A propos de la pièce de Nguyên Huy Thiêp, Une petite source douce et tranquille

            Pour exister, le pouvoir politique a besoin d’un voile d’illusion, sans quoi la révélation de sa vérité crue aurait pour effet de rendre impossible son exercice. Il s’agit de donner l’impression à l’homme du peuple, au sujet, que le détenteur du pouvoir, le souverain, dispose d’une aura, qu’il est doué d’un caractère exceptionnel. En guise de démonstration de ce qui le différencie, ce dernier se dote d’attributs et organise un cérémonial autour de sa personne. Les trônes, les sceptres, les couronnes, les belles étoffes, la déférence des courtisans et le luxe du mobilier sont autant d’exemples historiques, mais les monarchies anciennes ne sont pas les seules à faire usage de ce type de symboles. Une même logique continue de participer au consentement à l’autorité et à la fascination pour le pouvoir dans les sociétés contemporaines. Les politiques d’aujourd’hui les ont transposés, transformés parfois, mais leur usage de ces symboles n’en a pas moins d’effet.

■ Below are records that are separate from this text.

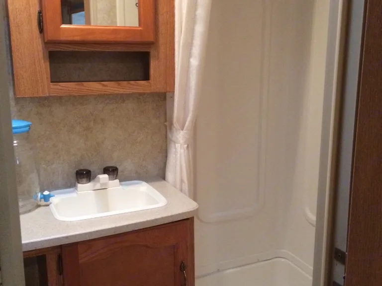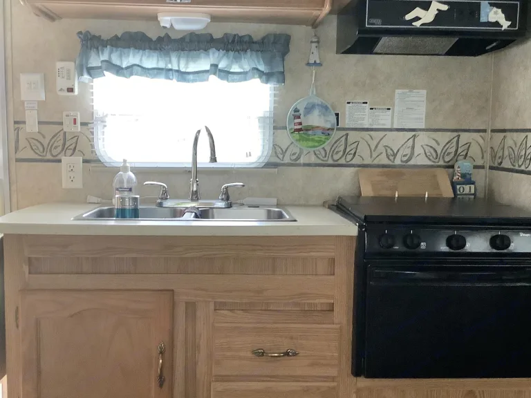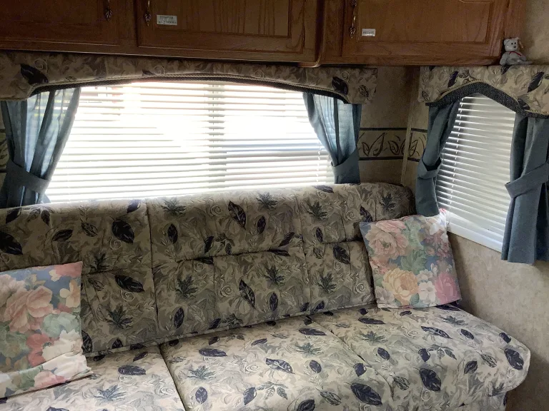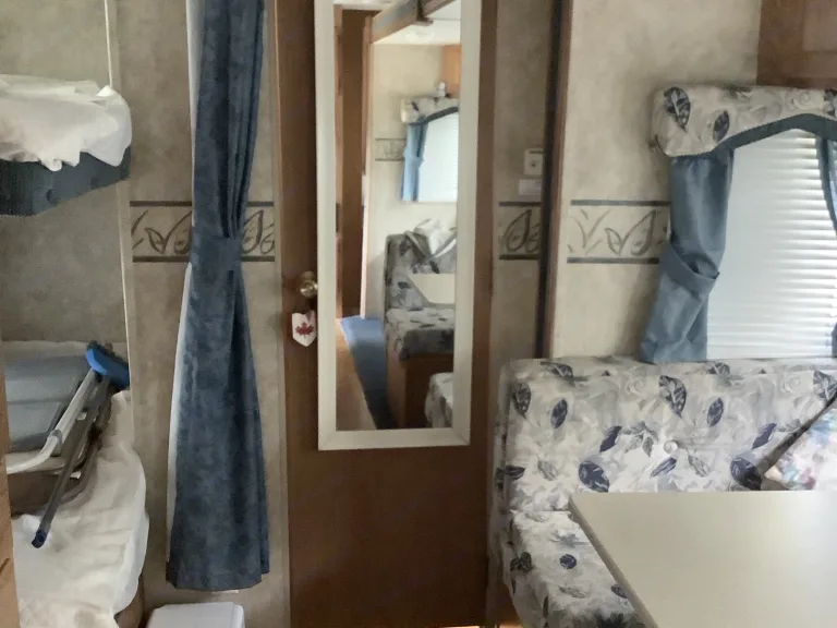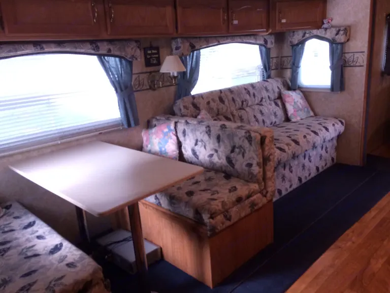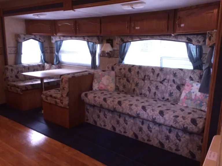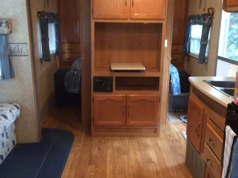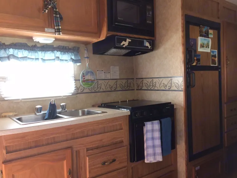 A great unit for hitting the campground! This unit has never been smoked in and is in excellent condition.It is pre-packed with all the necessities for your trip. so no need to bring anything but your own food, snacks, and sleeping linens/pillows, and bath & kitchen towels.We recommend a maximum of 5 for a comfortable experience. The front master bedroom has a queen size bed (sleeps 2), a fold out couch (sleeps 1) and rear bunk beds (sleeps 2). There is a handy step ladder for the upper bunk. The slide-out extends the floor space to nearly double when extended. A hand rail and three stairs are at the entrance to the trailer, and they work great.The bathroom includes a mini tub with shower head. This is great for a quick rinse-off, washing feet or small children. Keep in mind that unless you are in a full-service camping spot, you only have as much water as what was put in the holding tank, and a small amount of hot water from that tank. So we recommend you take advantage of the showers offered in most camp grounds for full bathing and hair washing.You will require a vehicle capable of towing at least 8,000 lbs weight (Gvwr 7,680 lbs) with an electric brake control system. For example, the minimum of the equivalent of a half ton truck. An equalizer hitch and sway bar will be provided for your use. What's includedCutlery, plates, mugs, cooking utensils, cutting board & drain board are provided. Also, a small electric heater and cooling fan. There is the option of a TV that plays DVDs. We provide the RV-rated toilet paper (you can't use anything thicker than that). There is a kettle, coffee maker and microwave. The fridge is both electric and/or propane powered.Other things to noteWe want you to have a marvellous time, but not as the "party trailer" please. We have kept this trailer in 'like new' condition by treating it gently and with care, and trust that you will too. In order to be able to pull something the size of a house down the highway, it is made of light-weight materials, making it vulnerable to rough handling. Outdoorsy holds your $750 damage deposit which will be used if there is unnecessary damage upon return. Thank you for your care and consideration.
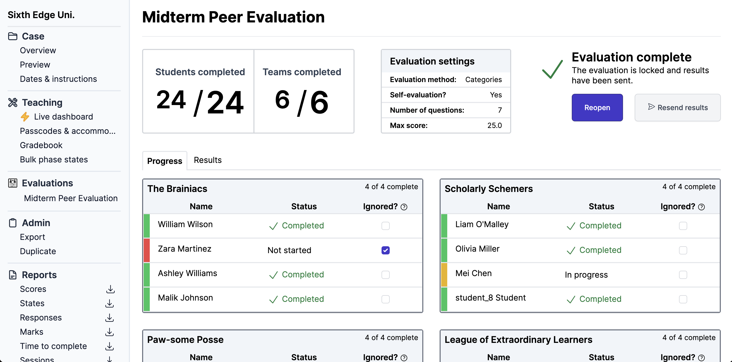 If you don’t want a learner’s responses to be included in the results or score calculation for their team members, you can mark them as Ignored using the checkbox next to their name in the “Progress” tab of the evaluation view. By default, empty responses are omitted from results and score calculations.
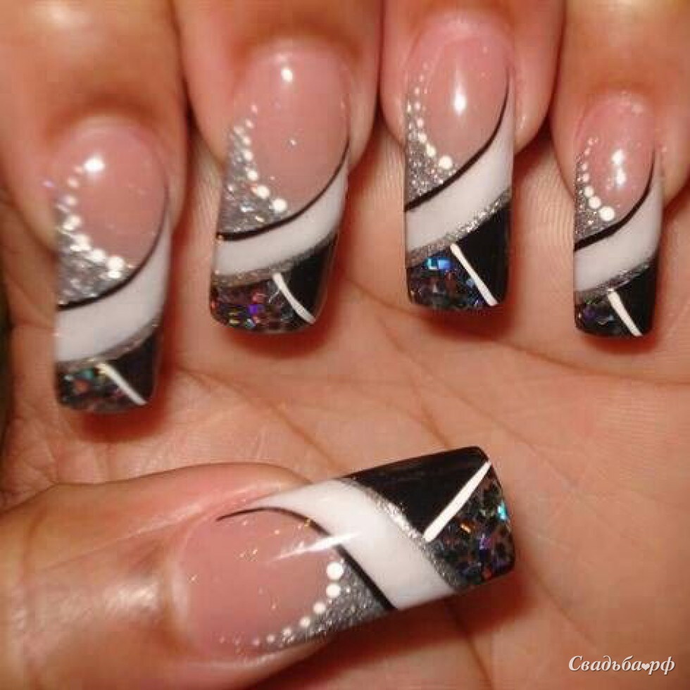Эффектный маникюр выполнен на нарощенных ногтях внушительной длины. Прозрачное покрытие эффектно сочетается с чёрным, серым и белым лаком. Ногтевая пластина также дополнена стразами. Ноготки с такими контрастными элементами будут приковывать к себе всё внимание окружающих. Также маникюр отлично получится на фотографиях.
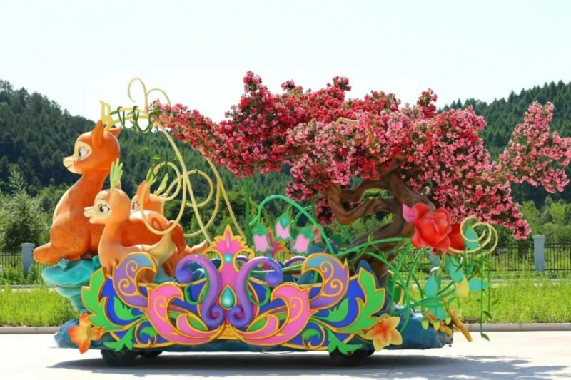 “鹿逐花夢花車”,巧妙融合了小興安嶺獨特的自然景觀與生物多樣性。車頭三只靈動的小鹿象征著伊春“中國鹿鄉(xiāng)”的美譽,與九峰山、金山鹿苑等標志性景觀交相輝映。盛開的杜鵑、百合和冰凌花點綴其間,展現(xiàn)伊春四季分明的生態(tài)特色;ㄜ囃ㄟ^森林古樹與野生動物的和諧共生場景,生動詮釋了伊春“生態(tài)立市”的發(fā)展理念,既彰顯了“中國林都”豐富的自然資源,又傳遞出人與自然和諧共處的生態(tài)文明思想,讓觀眾在夢幻的森林之旅中感受生態(tài)保護的深遠意義。
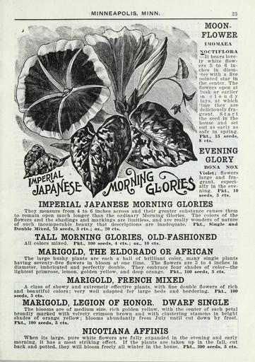 | Keywords: Lippincott seeds (16187190829).jpg  s are inadequate Pkt Single and <br> Double Mixed 75 seeds 5 cts ; oz 20 cts <br> TALL MORNING GLORIES OLD-FASHIONED <br> All colors mixed Pkt 100 seeds 4 cts ; oz 10 cts <br> MARIGOLD THE ELDORADO OR AFRICAN <br> The large bushy plants are each a ball of brilliant color many single plants <br> having seventy-five flowers in bloom at one time The flowers are 3 to 4 inches In <br> diameter imbricated and perfectly double They embrace four shades of color ” the <br> lightest primrose lemon golden yellow and deep orange Pkt 100 seeds 5 cts <br> MARIGOLD FRENCH MIXED <br> A class of showy and extremely effective plants with fine double flowers of rich <br> and beautiful colors; very well adapted for large beds and bordering Pkt 100 <br> ' marigold legion of honor dwarf single <br> The blooms are of medium size rich golden yellow with the center of each petal <br> broadly marked with velvety crimson brown and with clustering stamens in bright <br> shades of orange yellow; blooms abundantly from July until cut down by frost <br> Pkt 100 seeds 5 cts <br> NICOTIANA AFFINIS <br> When its large pure white flowers are fully expanded in the evening and early <br> morning it has a most striking effect If the plants are taken up in the fall cut <br> back and potted they will bloom freely all winter in the house Pkt 300 seeds 5 cts 42205433 132981 65968 Page 25 Text http //www biodiversitylibrary org/page/42205433 1915 Henry G Gilbert Nursery and Seed Trade Catalog Collection ; Miss C H Lippincott Firm NameFound Bona nox NameFound Nicotiana affinis NameConfirmed Nicotiana affinis T Moore EOLID 486699 NameBankID 618477 Biodiversity Heritage Library Lippincott seeds 1916 Garden Stories Catalogs Flowers Fruit Nurseries Horticulture Seeds Vegetables U S Department of Agriculture National Agricultural Library bhl page 42205433 dc identifier http //biodiversitylibrary org/page/42205433 bhlGardenStories BHLinbloom nurseries horticulture u s department of agriculture national agricultural library bhlgardenstories bhlinbloom Information field Flickr posted date ISOdate 2015-01-26 Check categories 2015 August 25 CC-BY-2 0 BioDivLibrary https //flickr com/photos/61021753 N02/16187190829 2015-08-25 05 51 28 cc-by-2 0 PD-old-70-1923 Lippincott seeds Photos uploaded from Flickr by Fæ using a script |
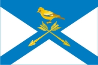 ![]() Прямоугольное полотнище с соотношением сторон 2:3 на котором помещен синий полый вверху косой крест с шириной концов в 1/5 от ширины полотнища по центру которого изображены фигуры районного герба: сойка, сидящая на скрещенных стрелах, выполненные желтым и синим цветами.
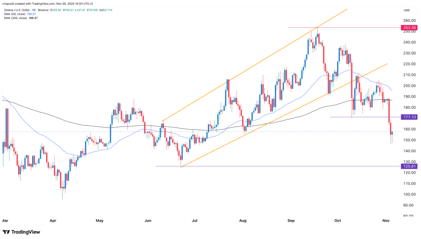 The daily timeframe chart shows that the Solana price has been in a strong downward trend in the past few months, moving from a high of $253 to $150.
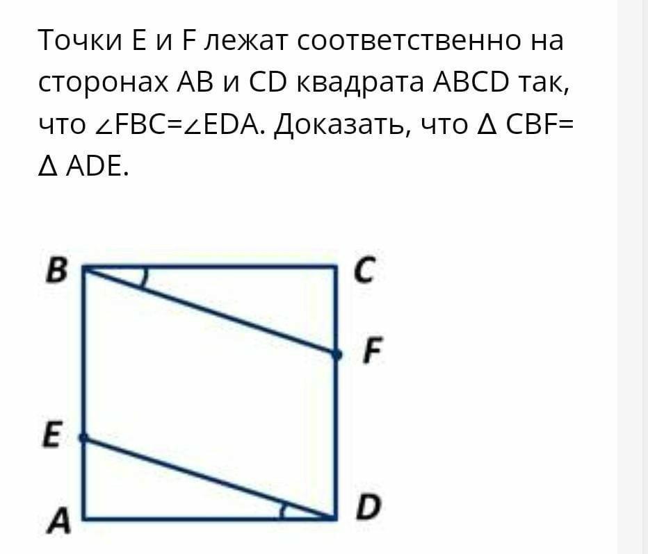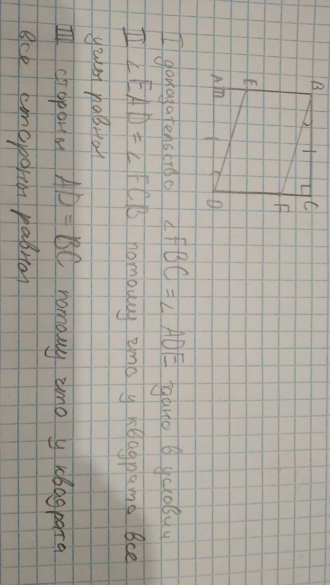 Если это квадрат то значит все его стороны и углы равны => сторона AD = BC и уголЕАD = углуFCB. По второму признаку ∆EAD =∆FBC
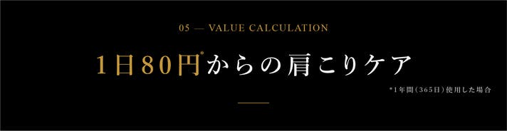 たとえば1年間毎日使うと、1日あたりは約80円。コーヒー1杯よりも手軽な感覚で、本格的な磁気によるこり・血行ケアを日常に。
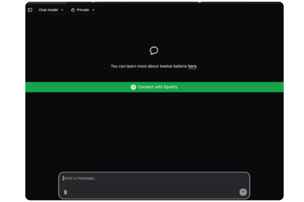 Our Spotify Agent isnât a product. Itâs not even standalone. When you use it, youâre inside the Twelve Balloons chatbot interface. Thatâs the whole idea.

Le pouvoir et sa mise en scène

Le Parti communiste vietnamien (PCV), principal opérateur de la révolution nationale-communiste du Vietnam au 20ème siècle – et toujours détenteur unique du pouvoir 75 ans plus tard – a paradoxalement une conscience très aiguë de l’importance de cette symbolique. S’il revendique évidemment une rupture avec l’Ancien Régime, avec l’abdication de Bao Dai le 25 août 1945, il n’en a pas moins adapté assez vite les codes, ainsi que certains réflexes de pensée. Cela avait frappé l’historien Nguyên Thê Anh, qui écrivait ainsi : « Tout en haut, dans la sphère la plus parfaite du pouvoir, le Parti prend un caractère abstrait, mystérieux, à force de rituel, de secret, d’omnipotence et d’infaillibilité, tout comme autre fois la personne de l’empereur était dissimulée par toute une série d’interdits et d’écrans. »[1]

La volonté de lever ce voile d’illusion est au centre de la pièce géniale et profondément subversive de Nguyên Huy Thiêp, intitulée Une petite source douce et tranquille. « L’histoire se passe en Orient, dans un pays en voie de développement, un pays qu’on ne trouve nulle part parce qu’il n’existe pas, sauf dans l’imagination de l’auteur » indique-t-il dans les didascalies du premier acte tout en donnant, quelques lignes plus loin, des indices qui ne trompent pas : c’est un pays tropical dont « la population a subi diverses influences culturelles : bouddhisme, confucianisme, taoïsme, christianisme… ». L’action se déroule quant à elle dans un bureau de la capitale, après le coup d’État qui a porté au pouvoir le parti d’union populaire « Bonté-Intégrité ». Les protagonistes qui entrent en scène portent des numéros, et n’ont pour l’instant pas de fonction, même si certaines de leurs caractéristiques sont renseignées.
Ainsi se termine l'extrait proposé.